Они остановились над небольшой «логической кучей» — всего-то десяток книг. Тропинка, разбиваясь, обтекала стопку с двух сторон. Вадковский и Трайнис взяли по книге.
— Я мог бы отказаться от этих произведений, — сказал Лядов. — Полтора стеллажа вообще еще не прочитано. Но это будет в ущерб полноте картины, брешь. Не хотелось бы иметь ее в фундаменте. Вам где удобнее расположиться?
Трайнис не ответил. С трудом беззвучно артикулируя, он вчитывался в выцветшие строчки.
Вадковский заложил книгу пальцем, осмотрелся:
— А я бы здесь пожил, если тебе это не будет мешать.
— Какое там мешать, — обрадовался Лядов. — Брожу как волк в клетке, поговорить не с кем. Только тесно у меня.
— Ничего, — сказал Вадковский. — После Камеи я стал универсальным и очень жизнелюбивым.
— Ну, не знаю, — сказал Лядов. — Я только рубку и ангар не заставил книгами.

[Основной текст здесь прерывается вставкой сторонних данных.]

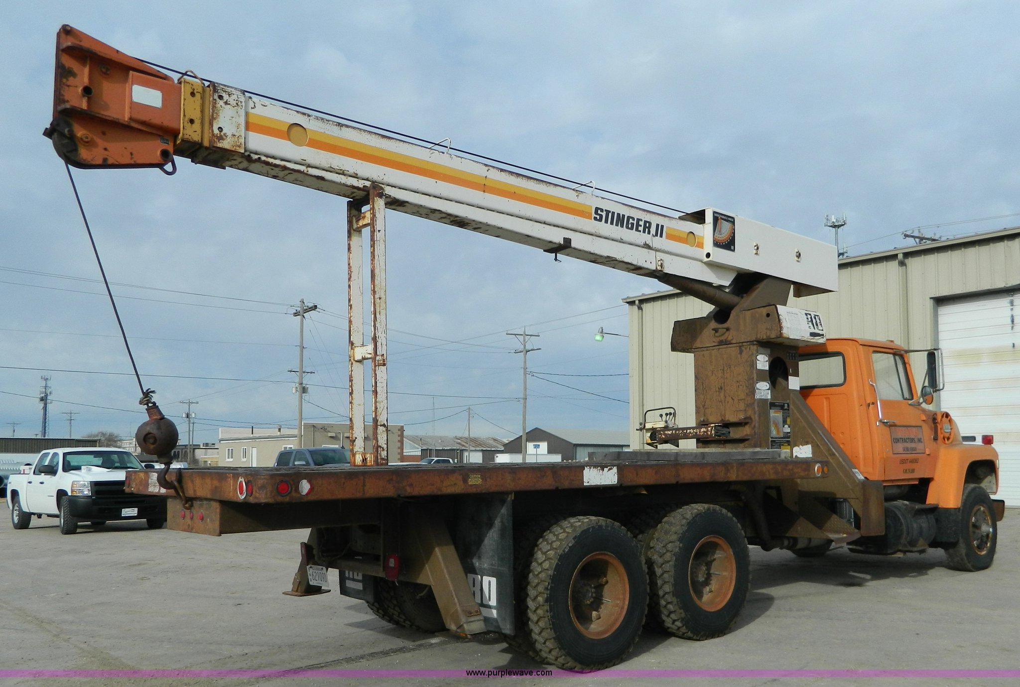Purple Wave is selling a used Crane Truck in Kansas. This item is a 1977 Ford 800 crane truck with the following: 33,112 miles on odometer, Caterpillar 3208 turbo diesel engine, 637 hours on meter, 210 HP, Serial 62W85407, Automatic transmission, Heat, 18'L x 94"W flatbed, Stick platform controls, Stinger II TC125 crane, Two section telescopic boom, 60' maximum reach, 24,000 lbs maximum lift capacity, Crane ball and hook, Spring suspension, Air brakes, Tandem axle, 10.00R20 tires, GVWR 34,000 lbs

— Рубка и ангар не подходят. Они в данной ситуации анахронизм наоборот. — Вадковский начал пробираться к выходу. Обернулся: — Как назывался предмет мебели из крупной сетки, подвешиваемый в двух точках?
Лядов на миг застыл:
— Гамак?
— Вот именно. — Вадковский скрылся в коридоре. Удаляясь в сторону синтезатора, долетел его голос: — Гинтас, пошли обустраиваться.
— Иду. Сейчас.
Не отрываясь от книги, Трайнис осторожно пробирался к выходу по узенькой тропинке чистого пола.

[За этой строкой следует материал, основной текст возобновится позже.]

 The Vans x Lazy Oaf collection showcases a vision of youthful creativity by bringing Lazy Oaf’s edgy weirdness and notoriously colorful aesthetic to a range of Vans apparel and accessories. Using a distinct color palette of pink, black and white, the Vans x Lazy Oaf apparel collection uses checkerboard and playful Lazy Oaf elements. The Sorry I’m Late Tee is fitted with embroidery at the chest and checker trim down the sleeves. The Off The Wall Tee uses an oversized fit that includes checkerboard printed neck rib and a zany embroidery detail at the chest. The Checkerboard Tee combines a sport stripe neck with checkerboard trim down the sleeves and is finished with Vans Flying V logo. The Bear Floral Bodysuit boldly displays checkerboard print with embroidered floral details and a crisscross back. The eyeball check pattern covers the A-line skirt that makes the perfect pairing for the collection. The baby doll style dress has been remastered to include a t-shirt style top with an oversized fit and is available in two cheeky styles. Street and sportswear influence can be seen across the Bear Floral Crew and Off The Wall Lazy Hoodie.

В тишине поскрипывали гамаки, низко натянутые между стеллажами, да шелестели перелистываемые страницы. Рядом с гамаками на свободных полках стояла еда и напитки. У каждого на полу, близко — руку протянуть — высились по две стопки книг — прочитанных и ожидающих очереди. Читали вдумчиво, деловито. Именно так они шли по джунглям Камеи — не отвлекаясь на постороннее. Лядов не стал делать себе гамак. Он принес свою спартанскую постель и положил в крошечном свободном закутке за огромной горой книг. Иногда он оставлял сосредоточенно глядевших в страницы друзей и отправлялся бродить по этажу. Все заслуживающие внимания книги были им прочитаны. Требовалось осмыслить, утрясти прочитанное. И это, похоже, происходило. Лядов чувствовал, как в нем перекладываются детали, фрагменты и кусочки независимо от того, чем он занимался.
Вадковский заложил страницу пальцем и сказал, обращаясь к потолку:
— Слава, ты, похоже был прав тогда.
— М-м? — нахмурясь, оторвался от размышлений Лядов. — Что?
Он лежал, заложив руки за голову, смотрел в потолок. Вадковский повернулся набок, гамак закачался.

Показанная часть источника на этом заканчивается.